Analysis: Booker's Seven Basic Plots Analysis

Christopher Booker is a scholar who wrote that every story falls into one of seven basic plot structures: Overcoming the Monster, Rags to Riches, the Quest, Voyage and Return, Comedy, Tragedy, and Rebirth. Shmoop explores which of these structures fits this story like Cinderella’s slipper.

Plot Type : Comedy

Shadow of Darkness

Leontes experiences a sudden onset of jealousy.

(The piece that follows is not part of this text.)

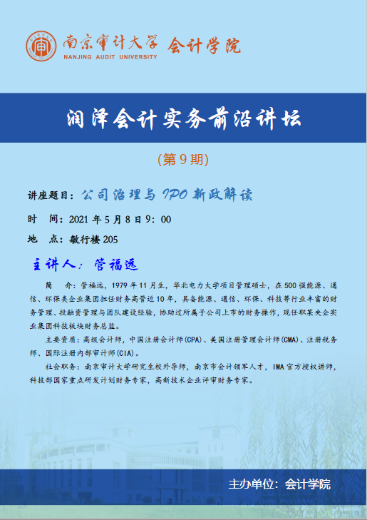 润泽会计实务前沿讲坛第9期:管福远-公司治理与IPO新政解读

Things at the Sicilian court seem peachy until, out of nowhere, Leontes suspects his pregnant wife is having an affair with his best friend, Polixenes, who is visiting from Bohemia. Leontes plots the secret murder of his BFF.

Pressure of Darkness

After Polixenes escapes Sicily, there’s hell to pay.

Leontes throws Hermione in the slammer, where she gives birth to a daughter that Leontes refuses to acknowledge as his own. He orders Antigonus to abandon baby Perdita in the desert. Hermione is tried for adultery and treason; meanwhile, Mammilius (the son of Hermione and Leontes) dies of a broken heart. Hermione faints and is soon pronounced dead, leaving Leontes to repent and suffer for sixteen long years.

Everything Comes To Light

Perdita is recovered and Hermione is alive!

Perdita is raised by an old shepherd in Bohemia, where she meets and falls in love with Prince Florizel (the son of Polixenes). When the couple travels to Sicily, her identity as a princess and heir to the Sicilian throne is uncovered. Perdita and Leontes reunite as father and daughter and Leontes and Polixenes reunite as BFFs. Finally, Paulina shows everyone a statue of Hermione, which turns out not to be a statue at all – it’s the real Hermione. She’s alive and well and totally forgives Leontes.